Note that the "description" column in this list mentions some of the parameter settings that were chosen when the analysis
was run (since it is possible to run/load the same analysis multiple times, but with different parameter settings.) The Jaccard
cluster analysis, for example, is typically run at least once for each genome in the database, followed by one or more
cross-genome clustering analyses, such as the Sybil "COG" analysis or Jaccard-filtered COG analysis.
|
| sybil: pneumo: protein keyword search |
|
This page displays the results of a gene/protein keyword search. All of the proteins whose product description
contains at least one of the query keywords will be listed here, with those that have the most keyword matches
appearing first. Following a link on this page will launch the individual gene/protein summary page for the
selected gene/protein.
If the search returned no results, use the browser's "back" button to return to the previous page and try the search
again with a different keyword, or a substring of the original keyword.
Note that the search is currently case-sensitive, so to find occurrences of both "Histone" and "histone" it will
be necessary to search either with both keywords (i.e., "Histone histone") or to use a substring that is likely to
match both (and only) keywords (e.g., "istone").
|
| sybil: pneumo: list protein clusters |
|
This page displays all the protein clusters that were generated by a single protein clustering analysis.
Following a link on this page will launch the protein cluster display page for the selected cluster. For
more information about the protein clustering analyses available in Sybil, see the relevant
descriptions on the Sybil project web site:
|
| sybil: pneumo: protein display |
|
This page displays summarized information pertaining to a single gene/protein in the
comparative database.
|
| sybil: pneumo: protein display: protein properties |
|
A list of protein properties. In future this section may be expanded to include additional stored
and/or computed physical properties of the protein.

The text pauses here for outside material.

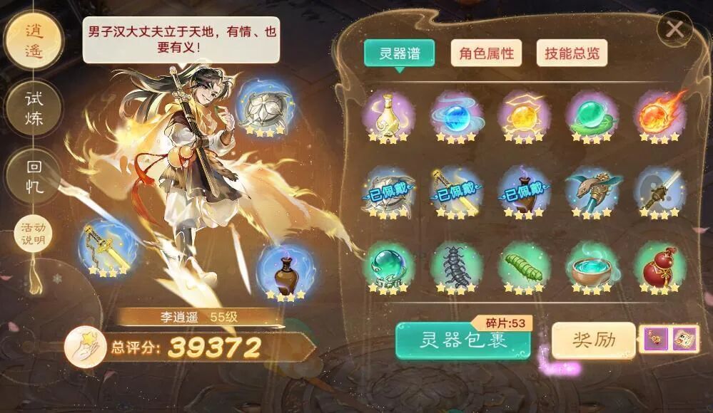 1)通过活动界面可查看、佩戴、升级灵器提升“李逍遥”属性及评分获得强力技能;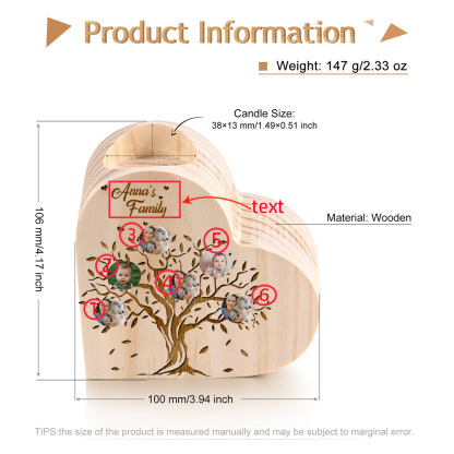 Family Photo Wooden Heart Candle Holder Custom 6 Photos Family Tree Candlesticks

Currently however, only the following properties
are reported:
- organism - organism/genome to which this protein or gene belongs
- product name - a description of the protein product
- sequence length - length of the protein's predicted amino acid sequence
- created - date on which the protein was created in the (original) database
- last modified - date on which the protein was last modified
|
| sybil: pneumo: protein display: database references |
|
A list of external database references and/or alternate accession numbers and IDs for the protein.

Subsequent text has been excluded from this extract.